305. Is the pen mightier than the keyboard?
Jul 13, 2010 at 03:07PM

When was the last time someone sent you a handwritten letter?  Thank you notes don’t count!

Sound of crickets……

Okay, so when was the last time someone sent you a cursive handwritten letter?

Sound of choruses of crickets…..

You’re not alone and don’t expect to get one anytime soon, especially from someone under the age of 25.

Right before our eyes, society is losing a way of communicating that many of us older folks take for granted.

It seems our fast-paced way of life has devalued learning how to write cursive. In the classroom the computer keyboard is fast replacing pen and paper. And it’s so much cooler to text and tweet.

Looking past our nostalgia for the way we did things in the 80’s is a genuine concern for our children’s decreased ability to express themselves, which seems to be directly related to the lack of cursive writing skills.

According to an October 11, 2006 article by Margaret Webb Pressler of The Washington Post:

The loss of handwriting also may be a cognitive opportunity missed. The neurological process that directs thought, through fingers, into written symbols is a highly sophisticated one. Several academic studies have found that good handwriting skills at a young age can help children express their thoughts better -- a lifelong benefit. Children who don't learn correct technique find it harder to write by hand, so they avoid it. Schools that do teach handwriting often stop after third grade -- right after kids learn cursive. By the time computers are more widely used in classrooms for writing, perhaps in fourth or fifth grade, many children already have decided they don't like to write.

This really hit home for me, a dad and an artist who teaches design at a leading liberal arts university.

My five-year-old daughter started in a Montessori school at age three. Right away, the teacher encouraged exercises that helped develop her cursive writing skills. As a result, her fine motor skills improved with other tasks like tying laces. However, now because she will be starting first grade in the public school system the same Montessori teacher has been nurturing more print letter writing because that is the preferred method there. 

Caring about my daughter and my students, I started to investigate the demise of cursive writing in our society. Here are the condensed results of what turned out to be a seven-month investigation, with some questions for you to consider.

Cursive writing is fast becoming a dinosaur in the school system...and we know what happened to them! Cursive writing is no longer a priority in an elementary teacher’s overloaded day of teaching technology and the material students need to score well on standardized tests.  Is the SAT the culprit, where we are requiring the regurgitation of information?  You can spend weeks surfing the net reading hundreds of articles about the state of our educational system and the SAT, something you can do on your own time.

What really floored me in my observations was children’s loss of joy for the act of creating, something I don’t want to happen to my daughter.
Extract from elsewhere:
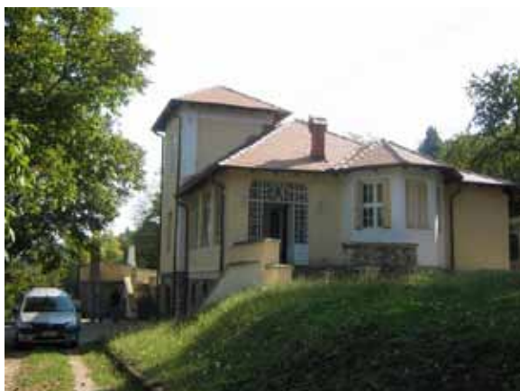
Sl. 74. Vila Gavrilović

Opširnija priča o „otkrivanju“ i rekonstrukciji ta dva objekta može se pogledati na sajtu Centra za kulturu Grocka. 295

The forming of shapes that create letters that then create words which are used to create communication is a fundamental act of expression. This joy of creating can also be considered a piece of their personalities that could be lost. Open loops versus tight lines surely have to have some correlation to one's personality type, right? Yet another investigation to begin.

Now let me turn to my teaching experience. The act of learning cursive handwriting has many correlations to art and design other than typographical. Most art departments in large and small universities across America have core foundation classes.  The students usually take these classes during their freshmen year in order to advance into upper level studio courses. I feel the most important of these are the drawing classes. Most students don’t like to take them because they feel they can’t “draw” well. However, they miss the bigger point about the course’s purpose. Most artists aren’t born with the tools to draw well. Drawing is primarily a learned skill that takes lots of practice and discipline. Once students become more comfortable with their ability to draw, the ideas and concepts are more forthcoming. I see it every year. The students who have the confidence in drawing are more expressive with concepts during the thumbnail sketch phases of a project. Likewise, research has shown that students who wrote in cursive during the essay portion of the SAT presented more complex expressed thoughts. 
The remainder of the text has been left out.